A 100-Year record of mineralogical variations in Northeastern Greenland ice-core dust: Insights from individual particle analysis

Abstract. Understanding the spatial and temporal variations in mineral dust sources in Greenland ice cores during the Holocene is challenging due to low dust concentration. Here, we present the first continuous records of the size and composition, as well as the temporal variations in potential sources, of mineral dust preserved in a northeastern Greenland ice core (EGRIP) covering the period from 1910 to 2013. Using a multi-proxy provenance approach based on individual particle analysis, we reconstruct variations in ice-core dust sources. We apply a recently developed provenance tracing technique, namely scanning electron microscopy (SEM)-cathodoluminescence (CL) analysis of single quartz particles, and SEM energy-dispersive X-ray spectroscopy (EDS) analysis to the Greenland ice core. The SEM-CL/EDS results reveal that the primary dust sources in the EGRIP ice core are Asian (Gobi Desert) and African (Sahara Desert) deserts. Their relative contributions have shifted since the 1970s–1980s: the contribution from the Gobi Desert has decreased whereas that from the Sahara Desert has increased. Our findings demonstrate that SEM-CL analysis is a valuable tool for identifying ice-core dust sources and reconstructing their variations during periods of low dust concentration. Additionally, we compare the EGRIP ice-core dust records with those of a northwestern Greenland ice core (SIGMA-D) to determine spatial variations in potential dust sources within the Greenland Ice Sheet over the past 100 years.

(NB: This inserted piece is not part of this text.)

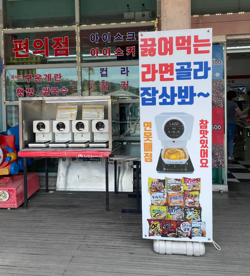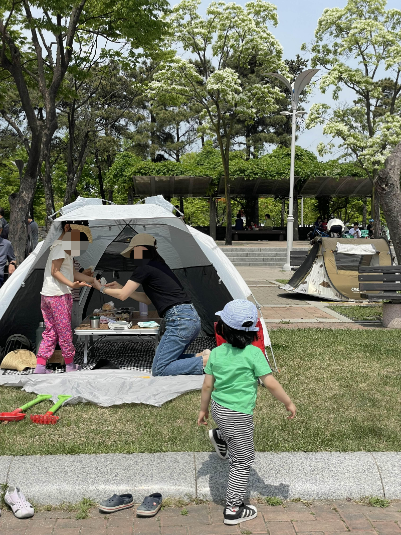 바로 계단 위 잔디 위에 텐트 자리 잡았어요. 아이들 케어하기 정말 편하네요 :-) 모래놀이 장난감만 다양하게 챙겨오고, 간식 준비해두면 아이들은 오며가며 먹고 놀아요. 친구와 저는 커피 마시면서 여유를 즐겨봅니다. 점심 도시락으로 김밥을 사왔어요. 그리고 상암 평화의공원 매점에는 한강라면이 있지요!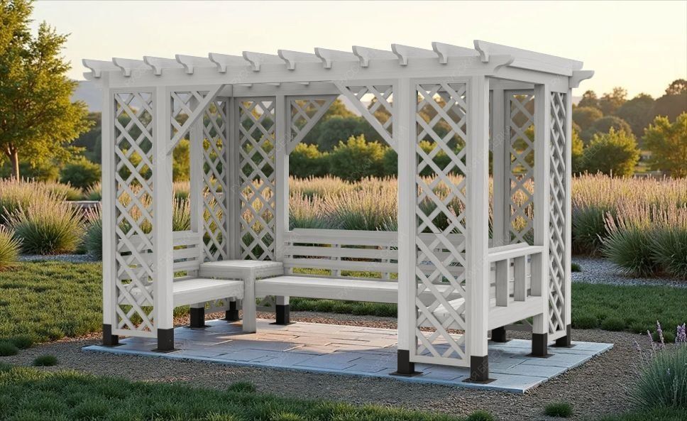 Пергола с навесом обеспечивает надежную защиту от солнечных лучей, создавая тенистое пространство для отдыха. Она станет идеальным местом для встреч с друзьями, чтения книг или приема пищи на свежем воздухе.

The results reveal that the variability and mineral composition of the EGRIP ice-core dust differs significantly from those of the SIGMA-D ice-core dust, indicating that the dust in these two ice cores was likely transported from different geological sources. The SIGMA-D ice-core dust exhibits multidecadal variations, reflecting increased dust from the Greenland coastal region during warmer periods. Conversely, the EGRIP ice-core dust shows low temporal variation, suggesting a smaller contribution from local sources.